● Data for review:
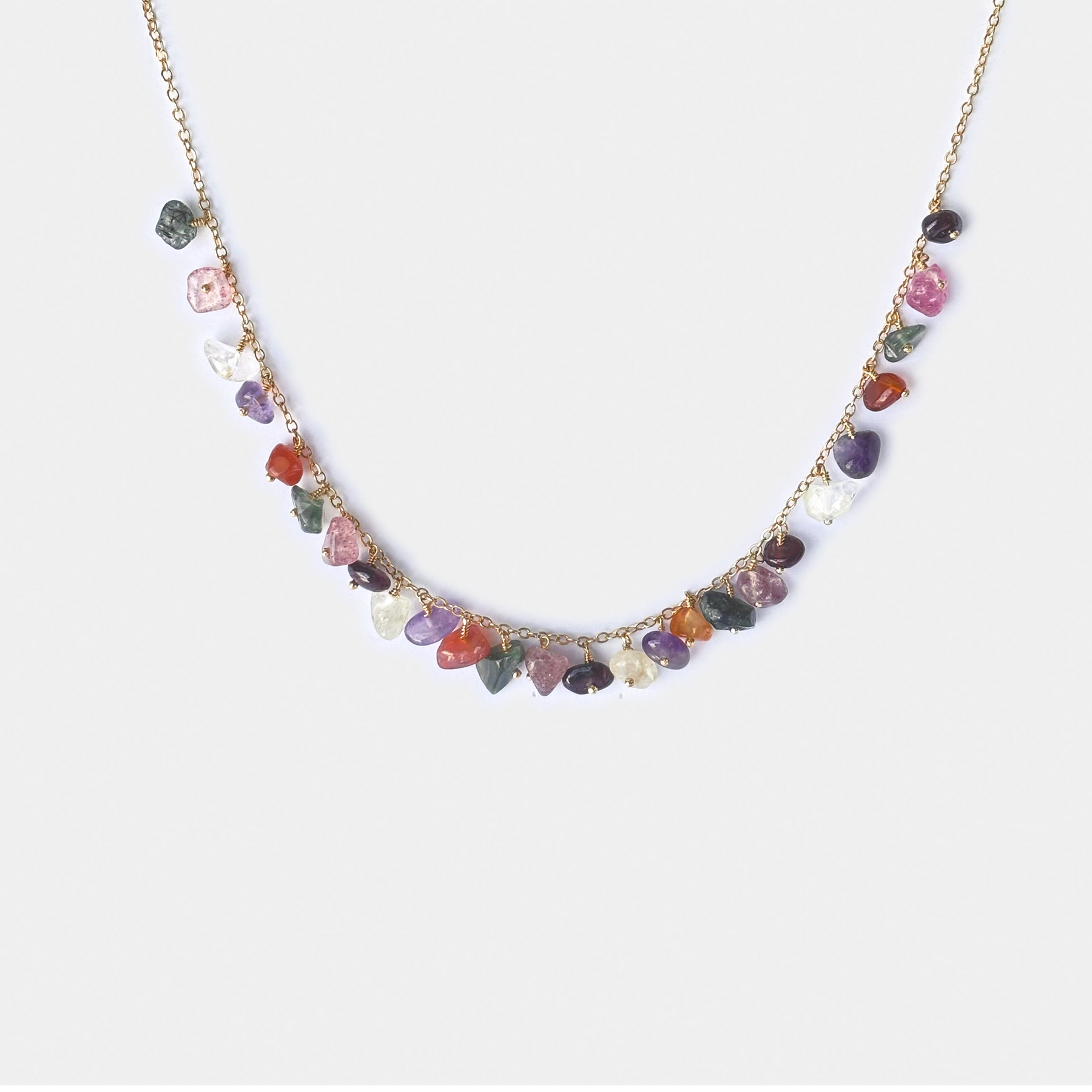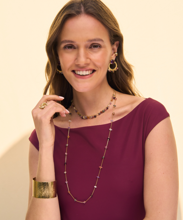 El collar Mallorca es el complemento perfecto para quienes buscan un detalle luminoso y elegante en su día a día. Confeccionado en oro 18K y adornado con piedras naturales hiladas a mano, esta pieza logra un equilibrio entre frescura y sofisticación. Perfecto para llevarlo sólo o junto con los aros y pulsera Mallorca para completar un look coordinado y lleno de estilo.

...

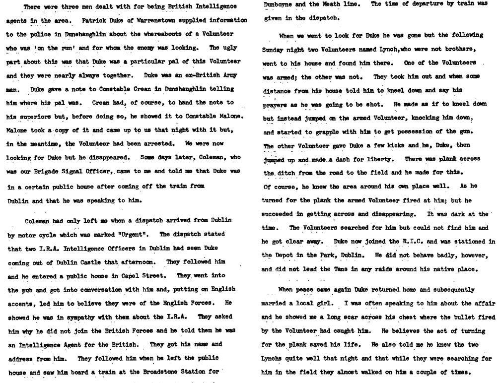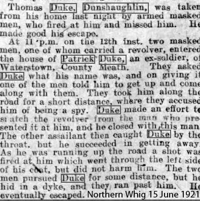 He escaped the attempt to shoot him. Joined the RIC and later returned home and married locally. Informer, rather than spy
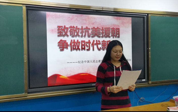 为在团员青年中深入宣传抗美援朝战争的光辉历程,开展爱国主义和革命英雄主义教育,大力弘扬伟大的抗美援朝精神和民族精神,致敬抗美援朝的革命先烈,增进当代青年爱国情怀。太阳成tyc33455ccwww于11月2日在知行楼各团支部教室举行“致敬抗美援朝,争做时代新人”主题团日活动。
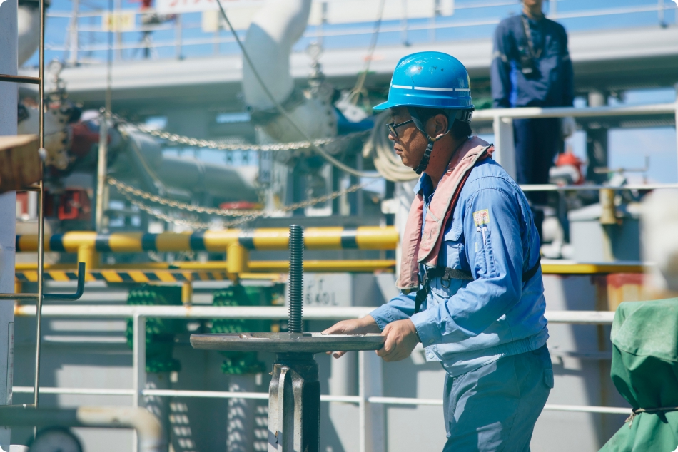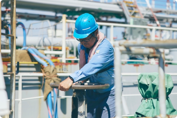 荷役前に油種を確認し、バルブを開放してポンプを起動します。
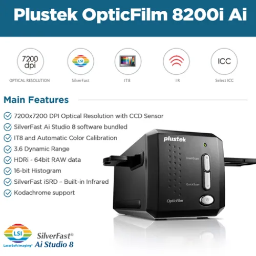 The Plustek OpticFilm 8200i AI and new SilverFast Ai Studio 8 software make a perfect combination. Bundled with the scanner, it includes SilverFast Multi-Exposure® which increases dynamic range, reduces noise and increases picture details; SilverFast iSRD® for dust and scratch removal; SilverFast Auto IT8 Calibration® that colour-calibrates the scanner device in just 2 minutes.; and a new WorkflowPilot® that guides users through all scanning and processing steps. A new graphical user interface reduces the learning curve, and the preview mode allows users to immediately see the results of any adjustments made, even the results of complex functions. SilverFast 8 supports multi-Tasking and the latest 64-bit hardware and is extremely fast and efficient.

● What this task involves:
In the listing above, find the line with "荷役前に油種を確認し、バルブを開放してポンプを起動します。" and the line with "The Plustek OpticFilm". Output both, plus every line between them, and no pictures.

● Response area:
 荷役前に油種を確認し、バルブを開放してポンプを起動します。
 The Plustek OpticFilm 8200i AI and new SilverFast Ai Studio 8 software make a perfect combination. Bundled with the scanner, it includes SilverFast Multi-Exposure® which increases dynamic range, reduces noise and increases picture details; SilverFast iSRD® for dust and scratch removal; SilverFast Auto IT8 Calibration® that colour-calibrates the scanner device in just 2 minutes.; and a new WorkflowPilot® that guides users through all scanning and processing steps. A new graphical user interface reduces the learning curve, and the preview mode allows users to immediately see the results of any adjustments made, even the results of complex functions. SilverFast 8 supports multi-Tasking and the latest 64-bit hardware and is extremely fast and efficient.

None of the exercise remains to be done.